This is a naive attempt to predict Bitcoin returns (15-minute intervals) using an LSTM-based model. After losing half of my investment in the cryptocurrency market, I decided to try turning losses into profits by using a machine learning model. This is a completely new field for me (my experience so far has been limited to watching a few of Li Hongyi's YouTube videos). Thanks to the powerful Python libraries and ChatGPT, I managed to run the training code successfully. However, the model has proven ineffective in predicting returns.
By using API from OKX, I obtained basic BTC K-line features (Open, Close, High, Low) and trade volume in 15-minute intervals. I then generated SMA features, K-line-related features (Upper/Lower shadow, Range-to-change, Close-Open, High-Low, etc.), and 15-minute returns calculated recursively from closing prices. In the training section, i set 'return' as lable instead of prices.
The data is written into a CSV file for further analysis. (see get_past_data.py)
LSTM layer + Attention layer + FC layers
Loss function: HuberLoss(Delta = 2.01)
Optimizer: AdamW
LearingRateScheduler: OneCycleLR(max_lr=0.01)
FAIL!
Best prediction accuracy: 52.4% (784 predictions) (Not within the 90% confidence interval)
Scenario 1: Gold in garbage out Model might be too simple and too easy to implement (otherwise, anyone who knows how to use Python packages could make a fortune). Features input were too simple as well as noisy af. In the future, I may introduce more complex neural network structures or reconsider the feature selection based on financial theories. (Reference:Stock daily return prediction using expanded features and feature selection,Hakan GUND ¨ UZ¨ ∗, Zehra C¸ ATALTEPE, Yusuf YASLAN)

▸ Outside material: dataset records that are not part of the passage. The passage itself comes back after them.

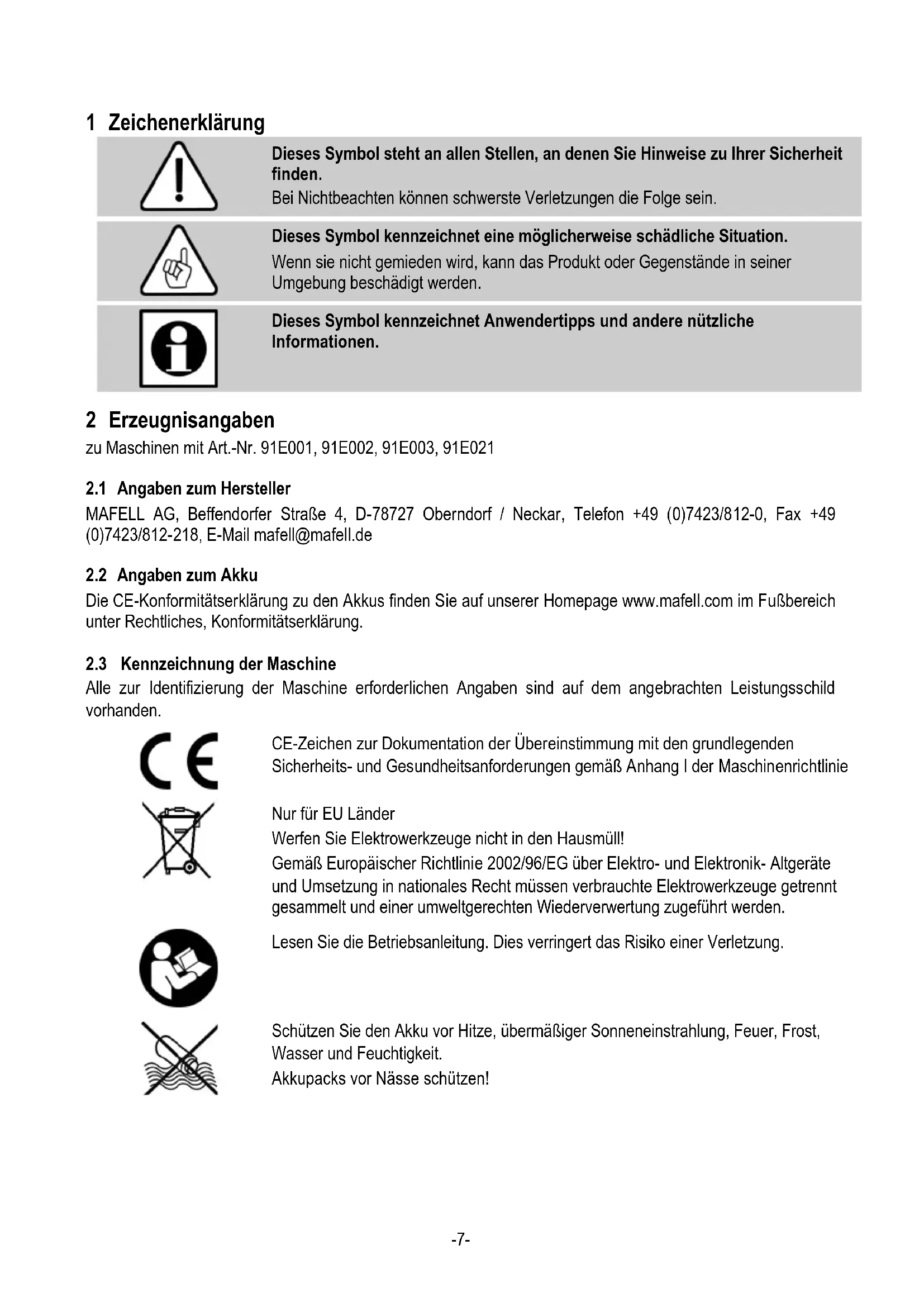 Dieses Symbol kennzeichnet Anwendertipps und andere nützliche Informationen. 2 Erzeugnisangaben zu Maschinen mit Art.-Nr. 91E001, 91E002, 91E003, 91E021
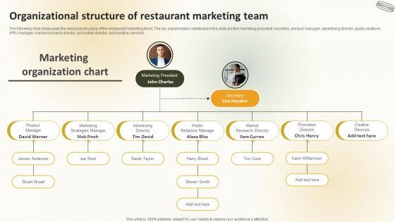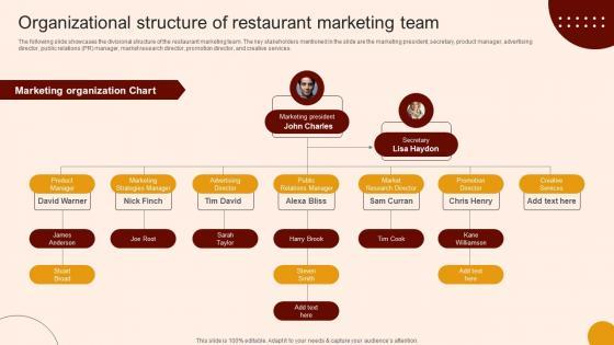 The following slide showcases the divisional structure of the restaurant marketing team. The key stakeholders mentioned in the slide are the marketing president, secretary, product manager, advertising director, public relations PR manager, market research director, promotion director, and creative services. This Organizational Structure Of Restaurant Marketing Team Create An Effective Restaurant is perfect for any presentation, be it in front of clients or colleagues. It is a versatile and stylish solution for organizing your meetings. The Organizational Structure Of Restaurant Marketing Team Create An Effective Restaurant features a modern design for your presentation meetings. The adjustable and customizable slides provide unlimited possibilities for acing up your presentation. Slidegeeks has done all the homework before launching the product for you. So, do not wait, grab the presentation templates today. The following slide showcases the divisional structure of the restaurant marketing team. The key stakeholders mentioned in the slide are the marketing president, secretary, product manager, advertising director, public relations PR manager, market research director, promotion director, and creative services.
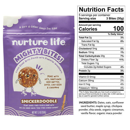 • Nurture Life Snickerdoodle Mighty Bites include 15 bites per bag!
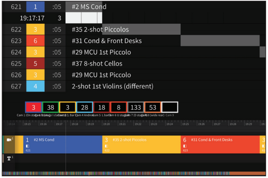 The pre-production work can encompass video roughly shot on any device, audio clips, lyrics, and scores. The vision cues for each camera and crop can be added to the timeline to create a full run-down. The camera operators receive a digital cue card in the provided app, which not only gives the camera and preset information, but also a countdown for the length of time each shot lasts for.
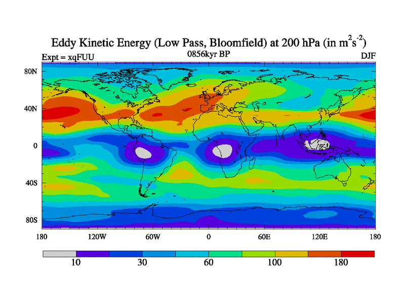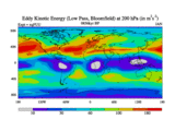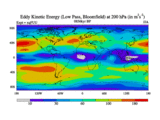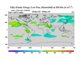 Low Pass Eddy Kinetic Energy at 200 hPa
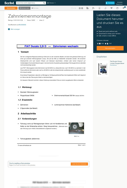 In den letzten Tagen bin ich beim googeln zufällig im Netz auf eine meiner beliebtesten Reparaturanleitungen gestoßen. Im Portal Scribd.com wird die erste Seite meiner Reparaturanleitung zum Zahnriemen wechseln beim FIAT Ducato 2,5 l D unter dem Titel Zahnriemenmontage angezeigt; incl. Copyright-Hinweis! Will man sich dort die komplette Anleitung ansehen bzw. runterladen, wird man zu einem Anmeldefenster geleitet, bei dem man entweder eine Tagesmitgliedschaft für $8,99 oder ein Monats- bzw. Jahresabo abschließen kann.
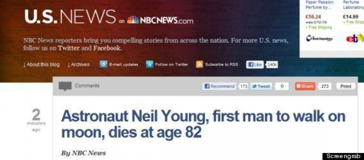 El más llamativo y clamoroso fallo fue el de la cadena estadounidense NBC, que publicó en su página web la muerte de Neil Young, icono de la música rock, confundiéndole con el astronauta. El titular erróneo fue el siguiente: "El astronauta Neil Young, primer hombre en pisar la Luna, muere a los 82 años".

Scenario 2: Garbage in garbage out Past market data may not influence future trends: Fama (1970) established the Efficient Market Hypothesis (EMH), which assumes that market prices follow a random walk, meaning future price changes cannot be predicted using existing information. The EMH distinguishes three forms of market efficiency: weak-form, semi-strong form, and strong-form efficiency (Atsalakis and Valavanis, 2009a, Fama, 1970). . From this perspective, any crypto trader who claims to predict future trends solely from K-line patterns is either a fraud or simply riding a wave of luck—so far. (Reference: "Machine learning techniques and data for stock market forecasting: A literature review," Expert Systems with Applications, Volume 197, 1 July 2022, 116659)
这是一个基于 LSTM 模型的天真尝试,旨在预测比特币的回报(15 分钟间隔)。
在大一下半年, 我在 okx 痛失几百刀,于是这个暑假决定用机器学习模型来扭转亏损,妄想通过量化加密货币交易走上致富道路。感谢李宏毅教授的机器学习课程、感谢 ChatGPT、感谢强大的 python 库,最终写的代码能成功开始训练,但是训练出的模型在预测能力上不尽人意。
通过 OKX API,获取基本的 BTC K 线特征(开盘价、收盘价、最高价、最低价)和 15 分钟间隔的交易量。然后生成了 SMA 特征、与 K 线相关的特征(上/下影线、Range-to-change、收盘-开盘价差、高低价差等),以及计算 15 分钟回报。写入 CSV 文件以供进一步分析。
预测回归率而不是具体价格。(我猜 return 更符合统计学规律 somehow,但其实最后两个都跑不出来)
(参见 get_past_data.py)
LSTM layer + Attention layer + FC layers
损失函数: Huber Loss(Delta = 2.01)
优化器: AdamW
学习率调度: OneCycleLR(max_lr=0.01)
失败!
最佳预测准确率:52.4%(784 次预测)(不在 90% 置信区间内)
两种情况
情况 1: Gold in garbage out 模型可能太简单、门槛太低(不然随便一个会调用 python 库的人都能发财了)。特征选择太简单,目前看来,放入模型的数据噪音居多。以后可能会重新做特征工程,做做降噪?恶补金融学重新选择特征。(参考文献:Stock daily return prediction using expanded features and feature selection,Hakan GUND ¨ UZ¨ ∗, Zehra C¸ ATALTEPE, Yusuf YASLAN)
情况 2: Garbage in garbage out 这个模型思路是完全不 work 的。市场的过去数据可能不会影响未来走势。从这个角度来看,任何声称仅通过 K 线趋势预测走势的币圈交易员要么是骗子,要么只是暂时跑赢了概率。“Fama(1970)提出了有效市场假说(EMH),该假说认为市场价格遵循随机游走,即未来的价格变化无法通过现有信息预测。EMH 区分了三种市场效率形式:弱式、半强式和强式效率(Atsalakis 和 Valavanis,2009a,Fama,1970)。(参考文献:《用于股票市场预测的机器学习技术和数据:文献综述》,Expert Systems with Applications, Volume 197, 2022 年 7 月 1 日, 116659)。”